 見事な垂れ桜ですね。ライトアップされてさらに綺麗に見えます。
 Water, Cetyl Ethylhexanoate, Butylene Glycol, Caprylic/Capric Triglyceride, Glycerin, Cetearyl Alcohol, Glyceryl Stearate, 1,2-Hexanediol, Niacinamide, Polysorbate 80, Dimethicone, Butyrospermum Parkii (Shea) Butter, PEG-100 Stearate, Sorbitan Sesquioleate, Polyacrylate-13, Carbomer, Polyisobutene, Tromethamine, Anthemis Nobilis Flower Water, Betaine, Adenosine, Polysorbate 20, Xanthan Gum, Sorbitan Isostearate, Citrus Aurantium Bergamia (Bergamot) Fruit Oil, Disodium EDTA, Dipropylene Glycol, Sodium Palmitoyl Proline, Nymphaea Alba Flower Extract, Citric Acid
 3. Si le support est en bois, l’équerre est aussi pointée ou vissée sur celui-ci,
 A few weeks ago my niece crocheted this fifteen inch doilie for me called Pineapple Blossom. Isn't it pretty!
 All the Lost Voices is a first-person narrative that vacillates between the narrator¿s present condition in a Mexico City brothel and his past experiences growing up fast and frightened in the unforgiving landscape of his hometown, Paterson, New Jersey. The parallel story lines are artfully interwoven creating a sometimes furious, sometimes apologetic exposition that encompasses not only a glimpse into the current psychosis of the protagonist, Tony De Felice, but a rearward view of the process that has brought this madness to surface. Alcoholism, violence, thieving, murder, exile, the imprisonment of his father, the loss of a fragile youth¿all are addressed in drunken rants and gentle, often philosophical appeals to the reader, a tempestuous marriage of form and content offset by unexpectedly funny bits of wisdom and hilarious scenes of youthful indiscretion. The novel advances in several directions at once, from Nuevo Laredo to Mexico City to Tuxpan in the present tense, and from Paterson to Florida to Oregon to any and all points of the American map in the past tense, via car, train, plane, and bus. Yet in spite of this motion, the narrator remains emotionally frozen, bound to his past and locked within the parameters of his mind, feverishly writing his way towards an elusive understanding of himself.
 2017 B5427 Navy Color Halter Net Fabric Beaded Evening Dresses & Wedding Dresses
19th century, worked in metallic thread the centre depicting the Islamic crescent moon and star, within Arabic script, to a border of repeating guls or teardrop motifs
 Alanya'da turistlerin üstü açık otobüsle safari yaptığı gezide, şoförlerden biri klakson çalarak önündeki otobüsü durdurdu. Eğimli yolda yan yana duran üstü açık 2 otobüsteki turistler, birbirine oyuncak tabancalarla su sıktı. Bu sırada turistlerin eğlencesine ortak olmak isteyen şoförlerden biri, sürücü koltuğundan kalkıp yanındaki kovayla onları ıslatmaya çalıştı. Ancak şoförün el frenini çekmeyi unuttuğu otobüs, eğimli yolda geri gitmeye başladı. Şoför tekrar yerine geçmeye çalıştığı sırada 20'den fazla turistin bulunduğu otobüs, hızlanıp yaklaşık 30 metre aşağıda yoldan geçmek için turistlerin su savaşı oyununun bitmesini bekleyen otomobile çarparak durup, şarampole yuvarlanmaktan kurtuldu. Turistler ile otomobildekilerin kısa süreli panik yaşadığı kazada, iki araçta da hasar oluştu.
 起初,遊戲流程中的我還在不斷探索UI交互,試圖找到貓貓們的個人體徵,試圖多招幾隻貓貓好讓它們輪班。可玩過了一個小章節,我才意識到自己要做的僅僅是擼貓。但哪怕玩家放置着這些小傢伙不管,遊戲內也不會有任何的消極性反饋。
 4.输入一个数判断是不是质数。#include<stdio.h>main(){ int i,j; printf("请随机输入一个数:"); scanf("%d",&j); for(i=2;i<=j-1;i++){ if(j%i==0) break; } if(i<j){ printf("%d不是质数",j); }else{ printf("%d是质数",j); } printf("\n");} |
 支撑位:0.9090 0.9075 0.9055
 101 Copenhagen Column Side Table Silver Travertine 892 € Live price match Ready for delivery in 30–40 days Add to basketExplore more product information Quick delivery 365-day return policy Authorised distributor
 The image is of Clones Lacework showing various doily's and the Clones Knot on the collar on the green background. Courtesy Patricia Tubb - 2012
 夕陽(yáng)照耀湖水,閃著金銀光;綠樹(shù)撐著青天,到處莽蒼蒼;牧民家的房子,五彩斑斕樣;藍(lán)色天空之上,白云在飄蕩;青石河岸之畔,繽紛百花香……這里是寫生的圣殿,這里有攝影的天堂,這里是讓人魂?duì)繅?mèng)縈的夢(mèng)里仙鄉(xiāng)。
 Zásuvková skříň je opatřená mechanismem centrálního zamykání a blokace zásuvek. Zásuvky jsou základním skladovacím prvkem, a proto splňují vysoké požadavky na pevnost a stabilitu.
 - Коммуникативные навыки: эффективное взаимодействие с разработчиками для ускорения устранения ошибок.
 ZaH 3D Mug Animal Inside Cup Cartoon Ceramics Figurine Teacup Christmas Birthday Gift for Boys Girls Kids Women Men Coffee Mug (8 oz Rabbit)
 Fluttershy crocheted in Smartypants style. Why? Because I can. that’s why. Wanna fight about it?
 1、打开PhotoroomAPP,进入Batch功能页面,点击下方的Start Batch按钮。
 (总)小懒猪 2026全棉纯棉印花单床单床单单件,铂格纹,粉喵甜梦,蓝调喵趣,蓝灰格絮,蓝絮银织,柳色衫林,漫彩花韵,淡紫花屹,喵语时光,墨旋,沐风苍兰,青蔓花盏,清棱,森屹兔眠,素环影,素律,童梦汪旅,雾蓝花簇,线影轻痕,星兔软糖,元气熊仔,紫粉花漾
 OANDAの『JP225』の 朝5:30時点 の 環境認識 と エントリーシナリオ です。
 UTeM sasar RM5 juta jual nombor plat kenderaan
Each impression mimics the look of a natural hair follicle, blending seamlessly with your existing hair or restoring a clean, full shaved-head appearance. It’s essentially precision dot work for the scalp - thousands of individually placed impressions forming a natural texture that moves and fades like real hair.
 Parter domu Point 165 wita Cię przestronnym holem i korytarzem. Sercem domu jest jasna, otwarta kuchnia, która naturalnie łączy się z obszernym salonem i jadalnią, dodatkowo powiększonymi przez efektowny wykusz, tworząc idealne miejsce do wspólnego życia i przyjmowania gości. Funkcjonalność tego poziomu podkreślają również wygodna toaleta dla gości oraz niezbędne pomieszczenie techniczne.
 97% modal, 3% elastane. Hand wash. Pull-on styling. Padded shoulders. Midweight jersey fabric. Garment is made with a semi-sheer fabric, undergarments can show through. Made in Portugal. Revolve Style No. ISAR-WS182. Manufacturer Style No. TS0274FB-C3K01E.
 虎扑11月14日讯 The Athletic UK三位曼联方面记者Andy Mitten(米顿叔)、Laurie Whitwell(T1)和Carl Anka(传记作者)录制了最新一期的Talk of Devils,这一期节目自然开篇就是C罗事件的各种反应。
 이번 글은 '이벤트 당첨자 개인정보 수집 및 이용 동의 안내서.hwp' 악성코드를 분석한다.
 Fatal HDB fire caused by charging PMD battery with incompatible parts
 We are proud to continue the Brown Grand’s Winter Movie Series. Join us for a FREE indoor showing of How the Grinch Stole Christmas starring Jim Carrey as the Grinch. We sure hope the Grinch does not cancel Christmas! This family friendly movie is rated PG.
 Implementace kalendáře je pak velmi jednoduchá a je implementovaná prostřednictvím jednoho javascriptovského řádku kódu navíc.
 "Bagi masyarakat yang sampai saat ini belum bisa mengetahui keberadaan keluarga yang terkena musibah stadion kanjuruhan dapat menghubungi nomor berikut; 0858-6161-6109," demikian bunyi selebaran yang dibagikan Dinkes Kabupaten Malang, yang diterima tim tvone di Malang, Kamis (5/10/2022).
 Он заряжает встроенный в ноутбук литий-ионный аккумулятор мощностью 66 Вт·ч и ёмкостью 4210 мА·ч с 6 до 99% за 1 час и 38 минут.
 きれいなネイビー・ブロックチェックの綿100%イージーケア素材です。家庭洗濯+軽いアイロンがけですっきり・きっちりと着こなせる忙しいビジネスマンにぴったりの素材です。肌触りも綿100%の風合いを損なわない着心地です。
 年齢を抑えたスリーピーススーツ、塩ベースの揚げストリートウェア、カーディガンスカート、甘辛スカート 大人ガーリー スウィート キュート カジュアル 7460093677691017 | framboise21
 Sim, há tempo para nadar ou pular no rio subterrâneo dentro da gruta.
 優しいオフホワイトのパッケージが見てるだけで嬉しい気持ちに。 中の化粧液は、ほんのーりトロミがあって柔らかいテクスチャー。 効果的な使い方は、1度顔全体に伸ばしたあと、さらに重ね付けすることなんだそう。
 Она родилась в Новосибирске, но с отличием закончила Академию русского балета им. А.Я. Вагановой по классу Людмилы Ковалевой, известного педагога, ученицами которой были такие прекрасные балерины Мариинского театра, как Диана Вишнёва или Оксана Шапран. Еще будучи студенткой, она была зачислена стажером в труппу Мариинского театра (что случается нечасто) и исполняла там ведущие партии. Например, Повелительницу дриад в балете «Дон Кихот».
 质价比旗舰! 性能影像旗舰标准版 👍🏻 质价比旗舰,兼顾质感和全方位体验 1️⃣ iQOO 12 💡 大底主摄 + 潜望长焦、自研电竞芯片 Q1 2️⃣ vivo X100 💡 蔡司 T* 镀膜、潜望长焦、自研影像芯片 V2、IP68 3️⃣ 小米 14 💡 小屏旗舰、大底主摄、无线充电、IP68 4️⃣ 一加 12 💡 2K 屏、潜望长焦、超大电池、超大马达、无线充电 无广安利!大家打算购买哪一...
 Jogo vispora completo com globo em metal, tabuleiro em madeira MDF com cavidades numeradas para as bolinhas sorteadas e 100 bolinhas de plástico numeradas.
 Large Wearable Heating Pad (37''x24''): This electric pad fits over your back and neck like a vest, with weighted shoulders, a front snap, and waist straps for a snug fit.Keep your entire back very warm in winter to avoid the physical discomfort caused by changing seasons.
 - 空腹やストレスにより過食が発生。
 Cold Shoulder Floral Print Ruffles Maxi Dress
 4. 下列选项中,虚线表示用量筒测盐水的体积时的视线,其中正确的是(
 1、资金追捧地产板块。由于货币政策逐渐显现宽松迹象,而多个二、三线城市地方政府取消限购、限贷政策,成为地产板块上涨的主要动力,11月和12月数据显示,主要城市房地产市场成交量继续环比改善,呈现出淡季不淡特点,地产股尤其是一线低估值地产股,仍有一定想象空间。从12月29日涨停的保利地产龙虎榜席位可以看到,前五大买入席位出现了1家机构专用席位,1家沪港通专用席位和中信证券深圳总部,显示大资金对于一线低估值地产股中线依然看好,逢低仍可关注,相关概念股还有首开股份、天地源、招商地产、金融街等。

====

» **PROBLEM**: Retype exactly the lines of the data above that fall between the line with "We are proud" and the line with "Malang, Kamis (5/10/2022).", inclusive, and add nothing.

» **OUTPUT OF THE EXERCISE**:
 We are proud to continue the Brown Grand’s Winter Movie Series. Join us for a FREE indoor showing of How the Grinch Stole Christmas starring Jim Carrey as the Grinch. We sure hope the Grinch does not cancel Christmas! This family friendly movie is rated PG.
 Implementace kalendáře je pak velmi jednoduchá a je implementovaná prostřednictvím jednoho javascriptovského řádku kódu navíc.
 "Bagi masyarakat yang sampai saat ini belum bisa mengetahui keberadaan keluarga yang terkena musibah stadion kanjuruhan dapat menghubungi nomor berikut; 0858-6161-6109," demikian bunyi selebaran yang dibagikan Dinkes Kabupaten Malang, yang diterima tim tvone di Malang, Kamis (5/10/2022).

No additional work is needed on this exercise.